A process diagram showing the five shape capture and seat production steps of plaster moulding. Step 1: The shape of the service user in a corrected position is captured using moulding bags that are vacuum-formed to the user. One or two bags are used, depending on the seating system that is prescribed. Step 2: In the diagram, the back support is the only cushion being produced, so a plaster of Paris cast is made of the contoured surface and side of the moulding bag. The back side of the moulding bag is not used when making the cast. Step 3: The plaster of Paris cast is removed from the moulding bag and allowed to dry and rigidize for several days. A layer of silicone is applied to the inner surface of the plaster cast during this time. Step 4: A flat, rigid back piece is temporarily attached to the plaster of Paris cast, such that an enclosure is produced, with an opening placed at the top. A layer of foam is placed against the back piece and liquid foam is poured into the enclosure. This foam expands inside the enclosure quickly once poured. Step 5: The plaster of Paris cast and rigid back piece are removed from the solid foam cushion. This cushion is usually trimmed and covered appropriately after these steps.

Seat completion

The plaster cast is removed from the foam cushion once the foam has finished expanding and curing, which takes 2–3 h.
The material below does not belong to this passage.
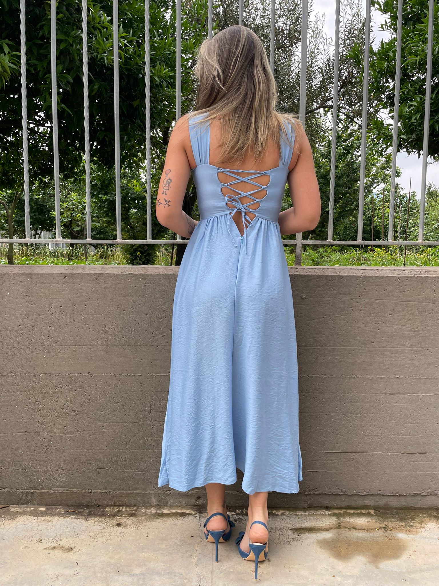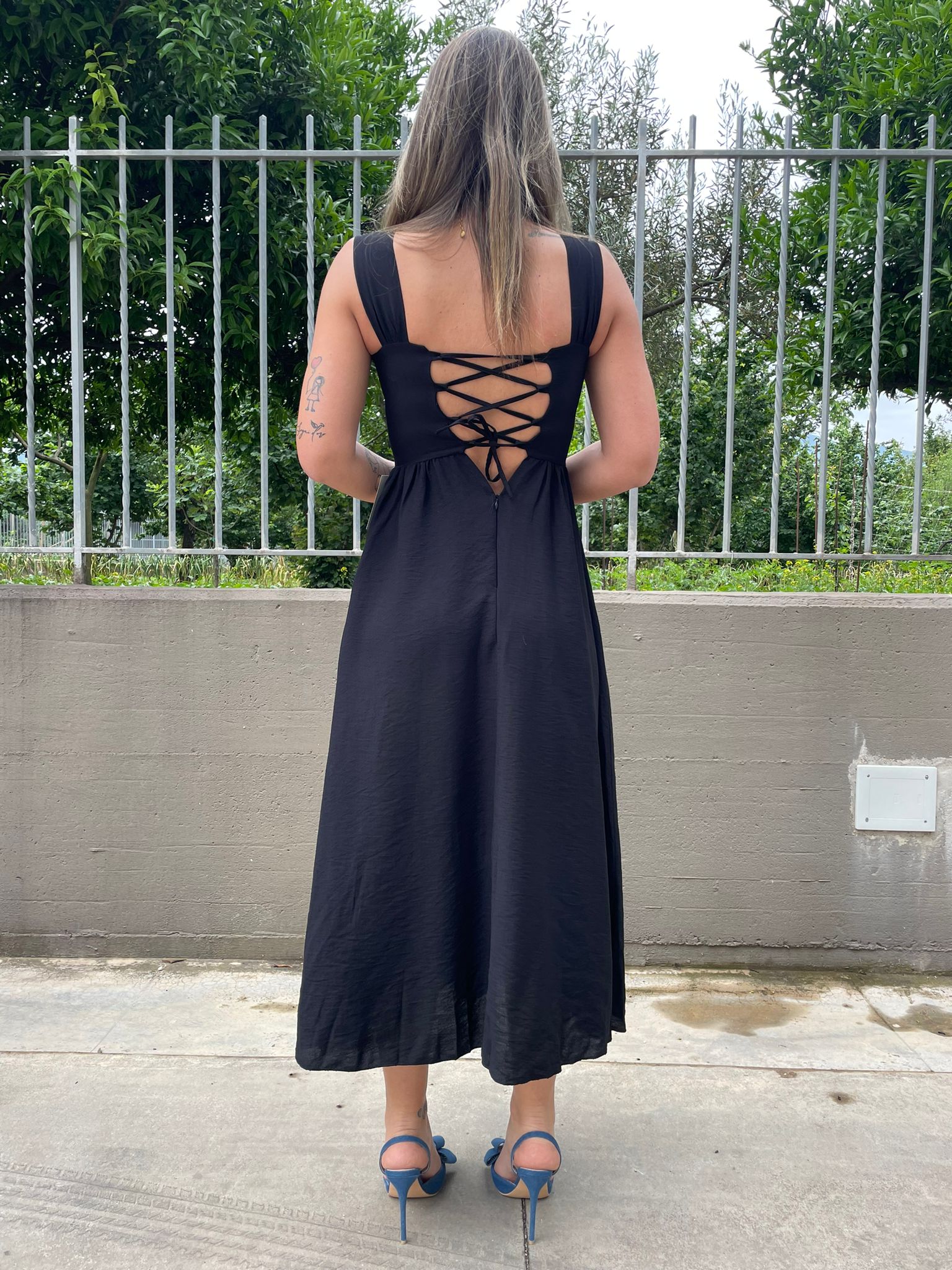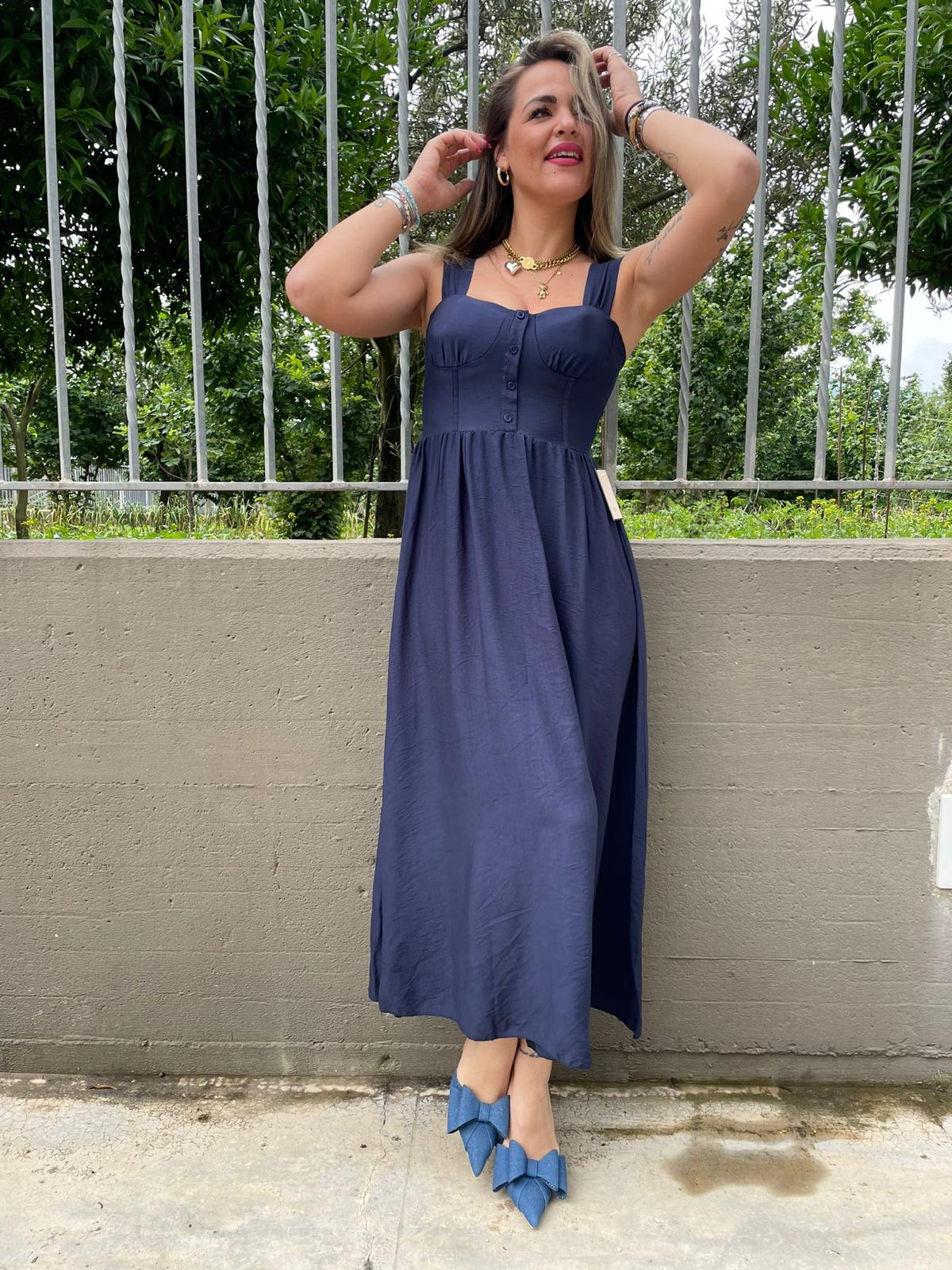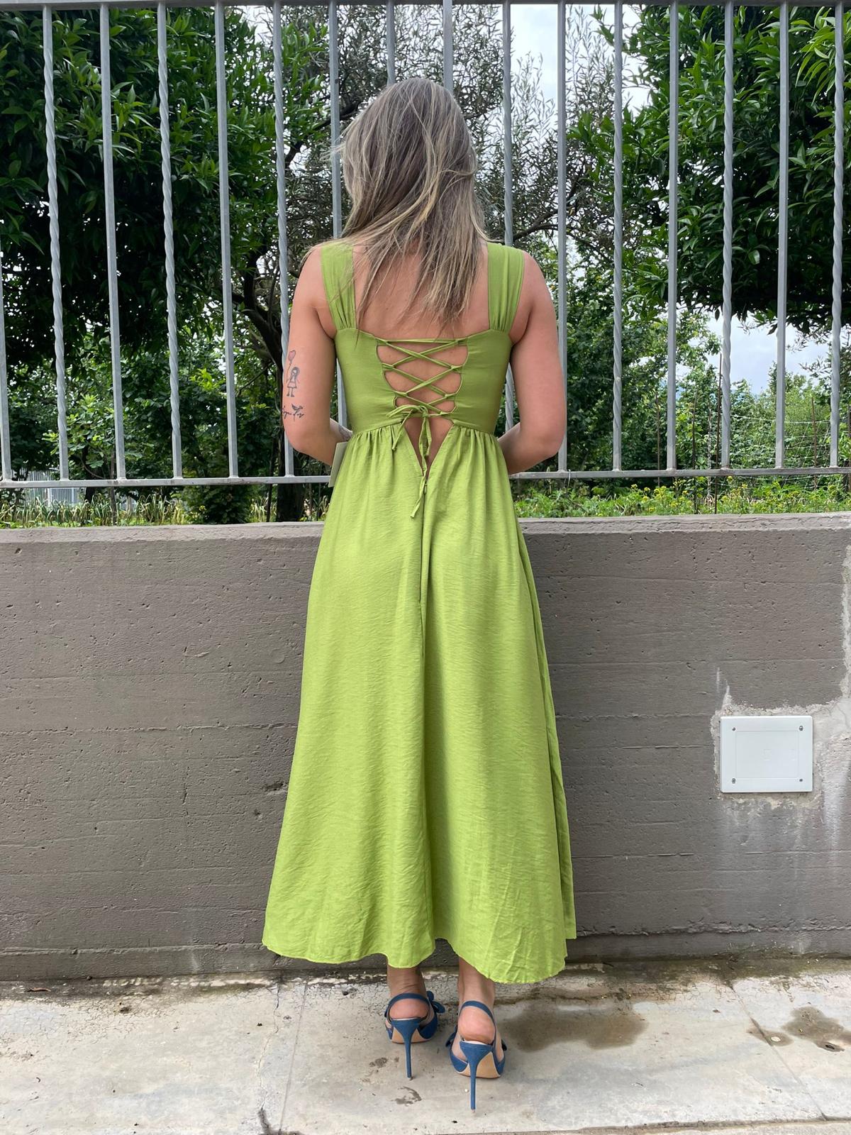 Vestito effetto lino con finto corpetto e lacci alla schiena

The suitability of the fit of this foam cushion is assessed during an appointment, or several appointments if needed, with the wheelchair user. Trimming the seat using hand tools can be done if needed. Where targeted pressure relief or shear reduction is required, the foam can be recessed, and gel or air pockets fitted. Where additional rigidity is required, rigid foam or plastic can be fitted externally. Once the wheelchair user and seating practitioners find the fit suitable, the cushion is finished off, and a cover is made to size with appropriate fabrics.

Strengths and limitations

Although plaster moulding uses the same chemicals as FIPS, plaster moulding offers the advantage of eliminating the use of isocyanates in the presence of wheelchair users by moving this step of the process to an appropriately ventilated workshop environment, thanks to the moulding bag used for shape capture and the plaster cast made from the captured shape.

Another advantage to using a moulding bag is that there is much less of a time constraint on vacuum consolidation shape capture as compared to the FIPS approach. If an appropriate sitting posture is not achieved on the first attempt, the vacuum consolidation process can easily be repeated by returning air to the bag and repeating the shape capture. In addition, the comfort of the captured posture can be assessed before manufacturing the final seating system by allowing the wheelchair user to sit for a period of time in the formed seat; if changes need to be made, the seat can be adjusted, and thus, money, time and materials are saved in the manufacturing process by avoiding the need to create a completely new cushion later.

There are some issues with vacuum moulding bags that technicians and clinicians must be aware of to successfully capture a seating shape using this technique. In general, capturing a wheelchair user’s shape with a moulding bag can be difficult to conduct by only one seating expert, and for particularly complex shapes, several assistants may be required to adjust the beads in the bag and hold the moulding bag in different places to properly capture a user’s corrected shape. This is especially true for moulding back supports with lateral trunk supports that conform to the user, as the laterals will need to be held against the user while another seating expert ensures the user’s posture is not changed from the corrected position during moulding. Another issue is the forming of wrinkles on the contoured surface of the moulding bag captured during vacuum consolidation, which should not be translated to the final seating system surface. Preventing these wrinkles while capturing a user’s shape can be difficult. Where wrinkles do occur, they can be infilled using modelling clay or the surface of the moulded bag can be covered with a thin plastic layer before plaster casting in order to smooth these wrinkles away.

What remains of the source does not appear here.